Monday, April 6, 2009


By Samuel Duodu, Nsawkaw

CASHEW farmers in the Tain District of the Brong Ahafo Region have appealed to the government to promote cashew since it has an international market value like other crops such as cocoa.
They further appealed to the government to give adequate attention to the crop just like cocoa and called for assistance such as soft loans as well as farm inputs to boost its production.
According to them, when cashew was given the needed attention just like cocoa, coffee and other cash crops that had a foreign exchange value, it would not only encourage the youth to go into its production but would also help generate income for the country.
The farmers who made the appeal in an interview with Graphic Nsempa at Nsawkaw, also appealed to the government and other private companies to establish facilities that could process the cashew and add adequate value to the product before marketing.
This, they said would also provide jobs for the teeming unemployed youth in the district and its environs.
If the commodity is processed, it can produce oil, alcohol, juices, animal feed, among others, but the farmers expressed regret that they were making little or no profit for their livelihoods.
The cashew tree has a life span of 70 years and its fruit and nuts have high economic values.
The Tain District is one of the cashew production areas in the Brong Ahafo Region, apart from Sampa and Techiman in the Jaman North District and the Techiman Municipality.

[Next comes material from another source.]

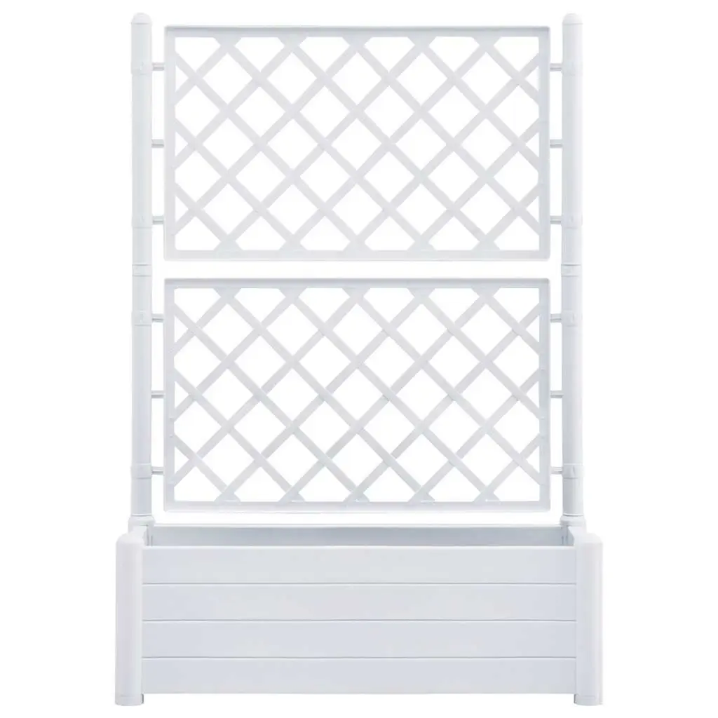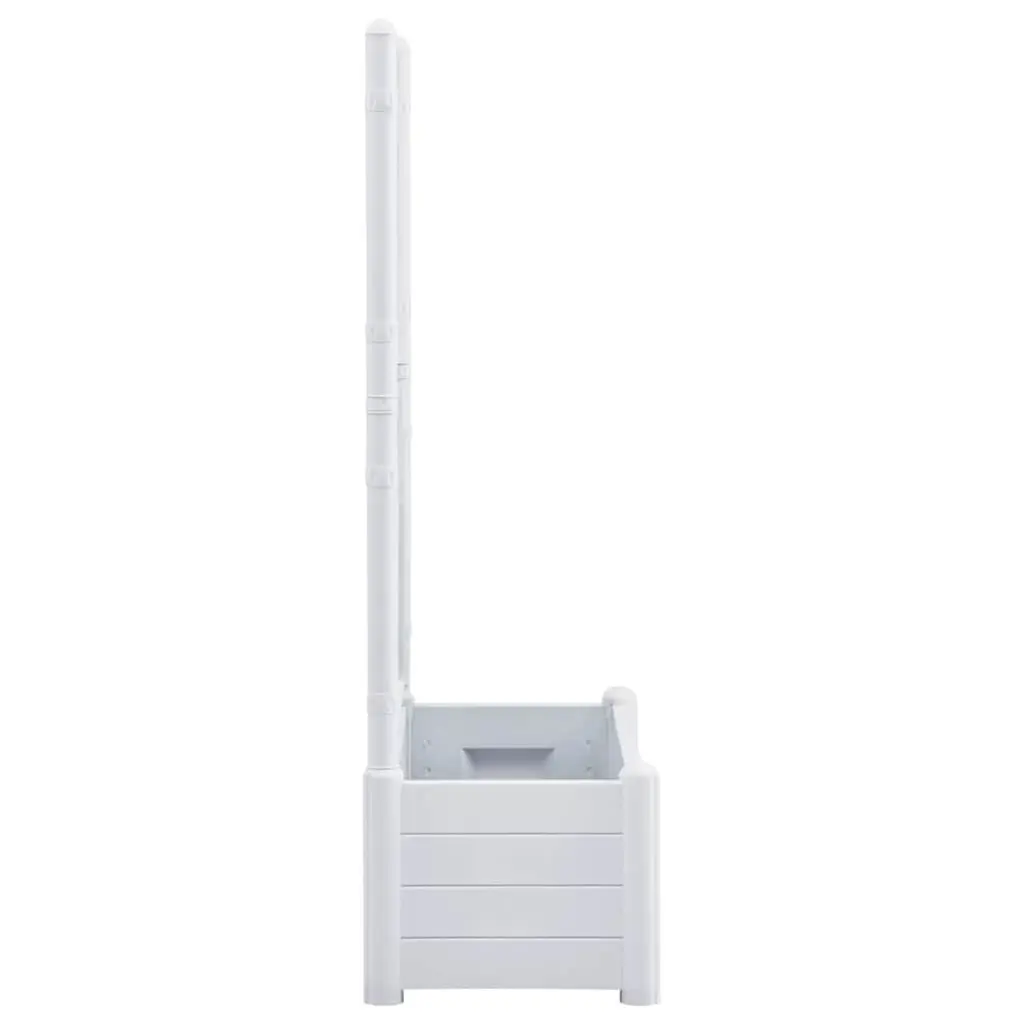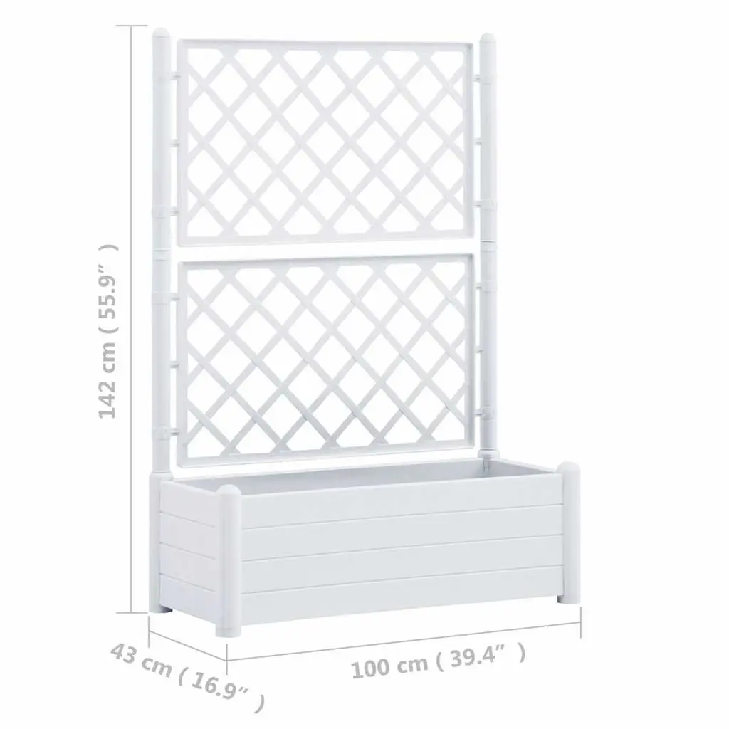 This large garden planter balances looks and practicality, making it a great fit for any balcony or outdoor spot. Its strong trellis gives climbing plants the support they need, while the sleek matte finish gives it a classy, modern vibe that suits any style. Sturdy Trellis Feature: The included trellis is perfect for supporting climbing plants, helping you create a stunning vertical garden while saving space and boosting plant growth. Spacious Dimensions: At 39.4 in. in length, 16.9 in. in width, and 55.9 in. in height, this planter provides plenty of room for numerous plants, making it a great choice for garden fans. Ideal for flowers or even herbs. Durable Materials: Made from UV-resistant polypropylene, this planter stands tough against the elements, ensuring it lasts and looks good in all kinds of weather. Effortless Care: Keeping it clean is easy; just wipe with a damp cloth to maintain its fresh appearance. Avoid exposing it to harsh weather, making it a great fit for sheltered outdoor spots. Stylish Design: The sleek white finish and smooth texture deliver a classy look that fits perfectly with modern garden aesthetics, adding a touch of style to your outdoor space.
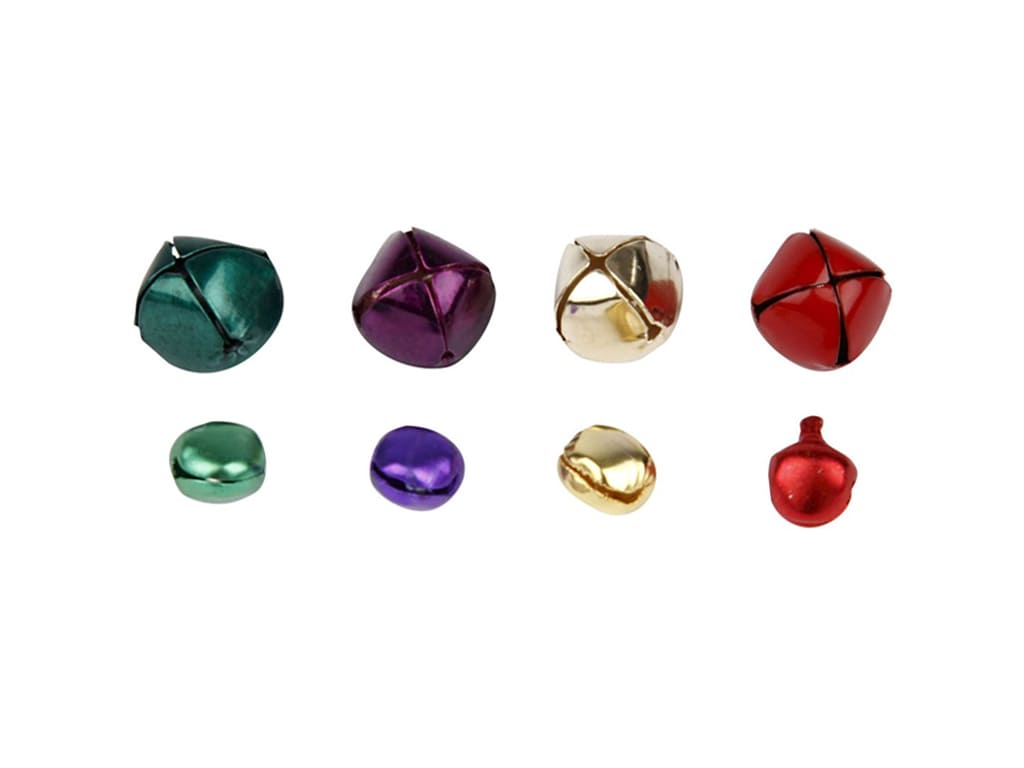Μικρά σιδερένια κουδουνάκια σε 4 διαφορετικά χρώματα, ιδανικά για χειροτεχνίες, στολισμούς και γιορτινές δημιουργίες. Το σετ περιλαμβάνει κουδουνάκια μεγέθους περίπου 1 έως 1,4 εκ., σε αποχρώσεις μεταλλικού πράσινου, μωβ, χρυσού και κόκκινου.

Currently, cashew nut prices in the Tain district have started on a good note this farming season. Graphic Nsempa findings indicate that 80 kilograms (kgs) of cashew knit cost GH¢32.
Some Cashew farmers who spoke to Graphic Nsempa said it was a good start compared with the same period last year when 80kgs traded for Gh¢22.
According to a purchasing clerk, Mr Sulemann Zadam, who had been in the industry for the past seven years, there had been negotiations with their Indian trading partners, who had agreed to stabilise the price at Gp40 per kilogram, adding that the price would be revised as production increased.
Some of the farmers who spoke to Graphic Nsempa were optimistic that production would be at a record high this year considering the decline in bush fires and the ample rainfall recorded last year.